WHAT NEEDS TO BE DONE: Would you please repeat exactly the entries below, starting at the line with "但特斯拉未曾考虑老车主的感受" and ending at the line with "サルヴァトーレフェラガモ ヴァラ金具 ミニハンドバッグ", and nothing outside that range? Leave out the pictures.

[RAW DATA]

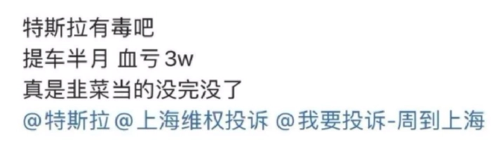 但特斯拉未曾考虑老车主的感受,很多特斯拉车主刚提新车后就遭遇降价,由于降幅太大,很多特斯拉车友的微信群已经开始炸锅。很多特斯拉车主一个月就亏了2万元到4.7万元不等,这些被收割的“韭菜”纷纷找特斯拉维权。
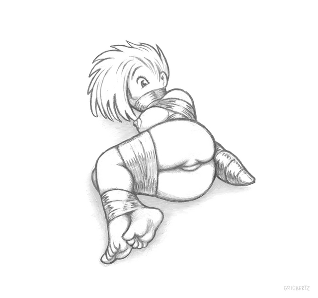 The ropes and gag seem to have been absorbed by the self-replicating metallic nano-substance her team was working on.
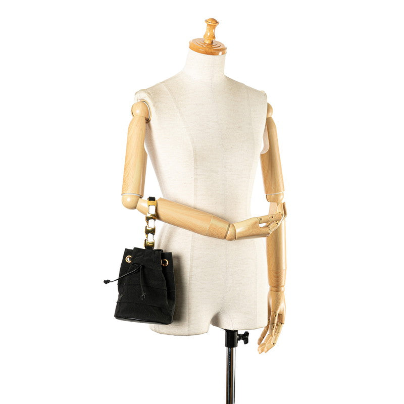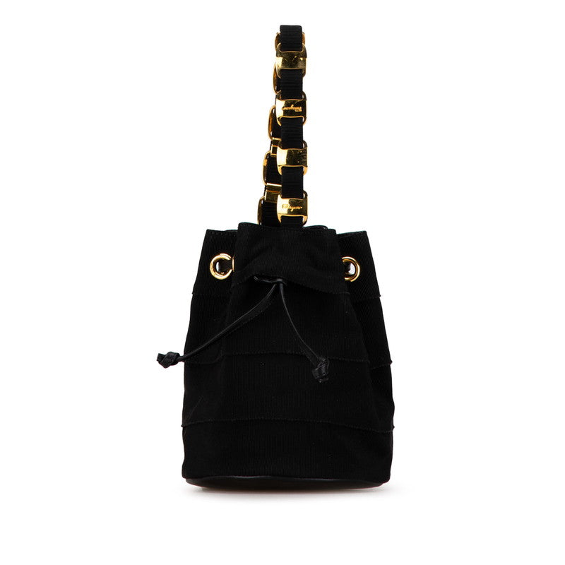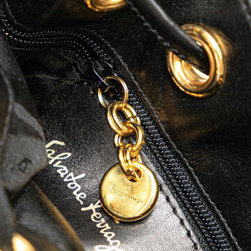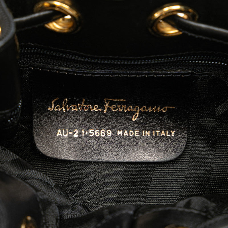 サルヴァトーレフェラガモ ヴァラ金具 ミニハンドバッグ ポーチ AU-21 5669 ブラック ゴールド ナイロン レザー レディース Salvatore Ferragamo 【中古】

[/RAW DATA]
[RAW DATA]

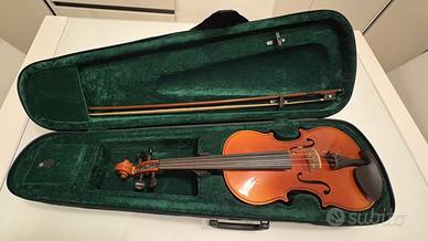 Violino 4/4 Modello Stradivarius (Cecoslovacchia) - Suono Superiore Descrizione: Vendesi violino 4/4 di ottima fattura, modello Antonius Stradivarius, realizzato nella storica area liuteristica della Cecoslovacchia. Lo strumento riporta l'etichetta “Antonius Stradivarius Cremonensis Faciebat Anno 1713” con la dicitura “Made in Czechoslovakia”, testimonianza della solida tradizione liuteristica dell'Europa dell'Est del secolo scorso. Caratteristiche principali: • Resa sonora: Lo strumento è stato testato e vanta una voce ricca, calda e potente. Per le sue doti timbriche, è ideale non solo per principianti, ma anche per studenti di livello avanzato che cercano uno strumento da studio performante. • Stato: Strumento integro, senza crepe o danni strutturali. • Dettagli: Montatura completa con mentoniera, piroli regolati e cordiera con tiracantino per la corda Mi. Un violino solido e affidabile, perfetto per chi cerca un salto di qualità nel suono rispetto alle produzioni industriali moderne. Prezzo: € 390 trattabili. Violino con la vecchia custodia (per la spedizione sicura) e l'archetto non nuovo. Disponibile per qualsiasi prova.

[/RAW DATA]
[RAW DATA]

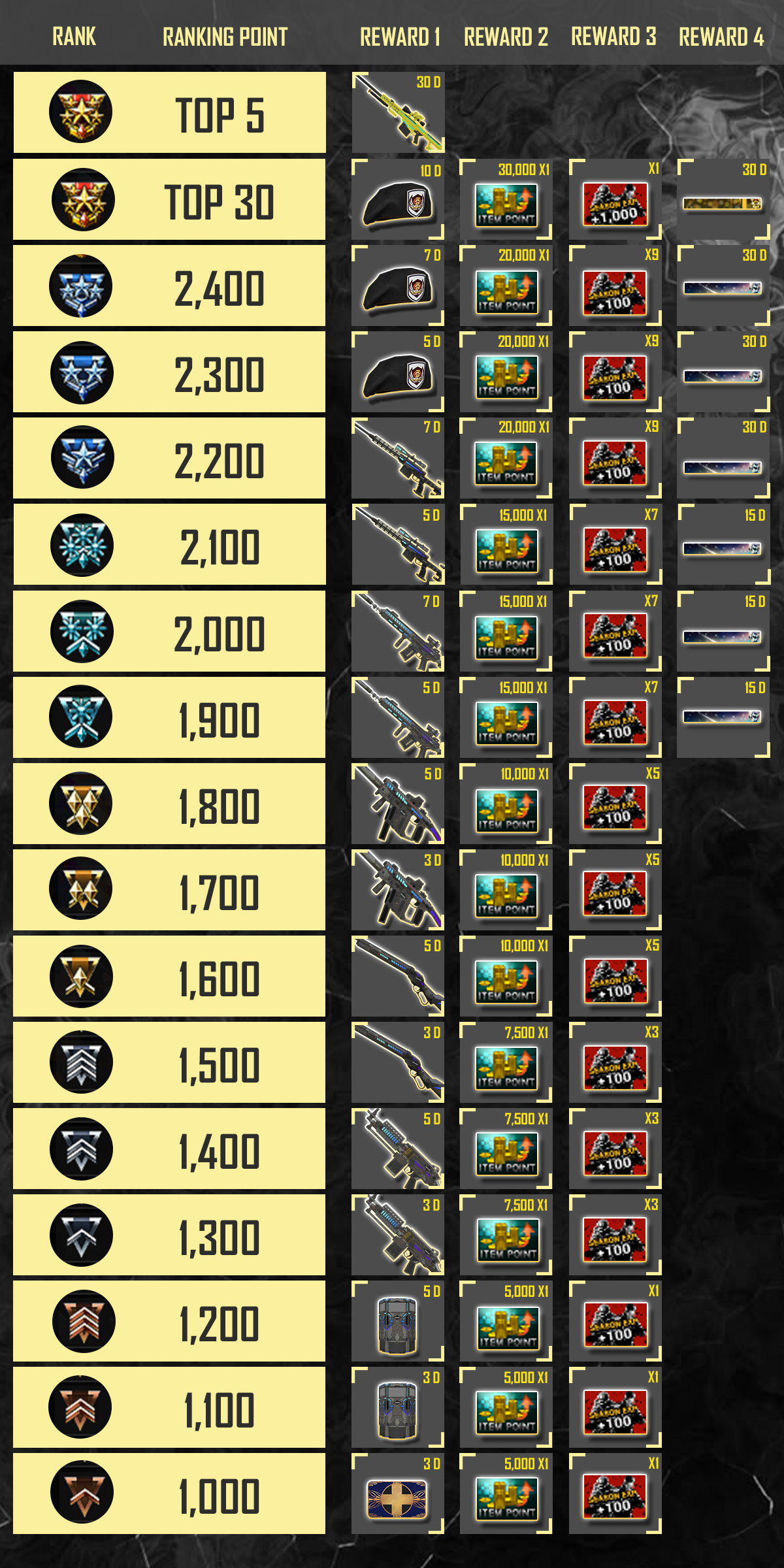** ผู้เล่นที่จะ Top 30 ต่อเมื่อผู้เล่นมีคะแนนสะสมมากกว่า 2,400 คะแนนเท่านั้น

[/RAW DATA]

RESULT FOR THIS TASK:
 但特斯拉未曾考虑老车主的感受,很多特斯拉车主刚提新车后就遭遇降价,由于降幅太大,很多特斯拉车友的微信群已经开始炸锅。很多特斯拉车主一个月就亏了2万元到4.7万元不等,这些被收割的“韭菜”纷纷找特斯拉维权。
 The ropes and gag seem to have been absorbed by the self-replicating metallic nano-substance her team was working on.
 サルヴァトーレフェラガモ ヴァラ金具 ミニハンドバッグ ポーチ AU-21 5669 ブラック ゴールド ナイロン レザー レディース Salvatore Ferragamo 【中古】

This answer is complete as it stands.